My research interest includes neural network robustness and computer vision. I have published more than 4 papers at the top international AI conferences with total google scholar citations 0. (You can also use google scholar badge ).
🔥 News
- 2025.02: 🎉🎉🎉 Paper accepted by CVPR2025 !
- 2024.01: 🎉🎉🎉 I got a gold medal in Kaggle Competition: UBC-Ocean challenge ! Kaggle Profile
- 2023.12: 🎉🎉🎉 Paper accepted by AAAI2024 !
📝 Publications

Zhou Yang, Mingtao Feng, Tao Huang, Fangfang Wu, Weisheng Dong*, Xin Li, Guangming Shi
Abstract: In this paper, we observe that classification errors arising from distribution shifts tend to cluster near the true values, suggesting that misclassifications commonly occur in semantically similar, neighboring categories. Furthermore, robust advanced vision foundation models maintain larger inter-class distances while preserving semantic consistency, making them less vulnerable to such shifts. Building on these findings, we propose a new method called GFN (Gain From Neighbors), which uses gradient priors from neighboring classes to perturb input images and incorporates an inter-class distance-weighted loss to improve class separation.

Vector Quantization with Self-Attention for Quality-Independent Representation Learning
Zhou Yang, Weisheng Dong*, Xin Li, Mengluan Huang, Yulin Sun and Guangming Shi
Abstract: Inspired by sparse representation in image restoration, we opt to address the degraded image recognition problem by learning image-quality-independent feature representation in a simple plug-and-play manner, that is, to introduce discrete vector quantization (VQ) to remove redundancy in recognition models.

Self-feature Distillation with Uncertainty Modeling for Degraded Image Recognition
Zhou Yang, Weisheng Dong*, Xin Li, Jinjian Wu, Leida Li and Guangming Shi
Abstract: In standard feature distillation, Mean Squared Error, MSE treats each pixel in the feature equally and may result in relatively poor reconstruction performance in some difficult regions. To address this issue, we propose a novel self-feature distillation method with uncertainty modeling for better producing HQ-like features from low-quality observations in this paper.

Inverse weight-balancing for deep long-tailed learning
Wenqi Dang, Zhou Yang, Weisheng Dong, Xin Li, Guangming Shi
Abstract: We propose an inverse weight-balancing (IWB) approach to address data imbalance in deep learning. In the first stage, the encoder and classifier are trained with cross-entropy loss. In the second stage, the classifier is finetuned with an adaptive distribution for IWB. Unlike inverse image frequency methods, IWB aligns both class-wise and sample-wise distributions, improving performance on imbalanced datasets like CIFAR100-LT, ImageNet-LT, and iNaturalist2018.
📽 Projects

BrickPal: Assembly as Language, Immersive and Gamification, In-situ Creation
Xiaofeng Zhang, Zhou Yang, Xiao Tang, Yao Shi, Hongni Ye, Yi Wu and Ran Zhang
Introduction: We have developed an application using AR glasses for assisting assembly on the Unity Vuforia platform. This program also utilizes NLP technology to predict the next assembly step and supports user-defined assembly requirements. My main contribution is the assembly guidance using AR technology.

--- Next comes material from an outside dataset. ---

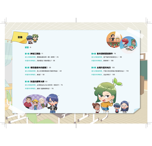 ✦每章節搭配一篇科學報告,全書總共包含五個不同的主題,包含同/異卵雙胞胎、緯度、國際標準音、熱導率、日出、日落與節氣等知識點。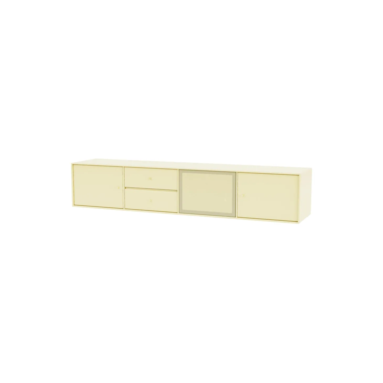 OCTAVE VIII er et rummeligt og silrent tv-bord med ben, tilgængeligt i 41 farver. Ophængsbeslag medfølger.

A Gesture-Based Human-Computer Interaction Shooting Game
Zhou Yang
Introduction: Through combining a depth camera Kinect with object detection and gesture recognition algorithms, we can control the movement and shooting of a game characters based on the position and gestures of the hands in 3D space. Completed independently.

A 6-DoF Robotic Arm for Exploring Inverse Kinematics Solutions and Vision-Based Grasping.
Zhou Yang
Introduction: A hardware platform for initial attempts at inverse kinematics solutions was built using six PWM servos and a 16-channel serial bus control board.
🎖 Honors and Awards
- 2024.01 . Gold medal and ranked 6th / 1326 on Kaggle competition: UBC Ovarian Cancer Subtype Classification and Outlier Detection (UBC-OCEAN). The main purpose is to help enhance the applicability and accessibility of accurate ovarian cancer diagnoses.
- 2022.06 . Ranked 9th on CVPR2022 workshop: Robust Models Towards Open-world Classification. Completed independently.
- 2021.08 . Ranked 3rd on DeeCamp 2023 (The competition is organized by Sinovation Ventures.)
📖 Educations
- 2019.09 - now, PhD student at the School of Artificial and Intelligence, Xidian University, Xi’an, Shan Xi, China.
- 2015.09 - 2019.06, Undergraduate student at the Advance Material and Nano Technology, Xidian University, Xi’an, Shan Xi, China.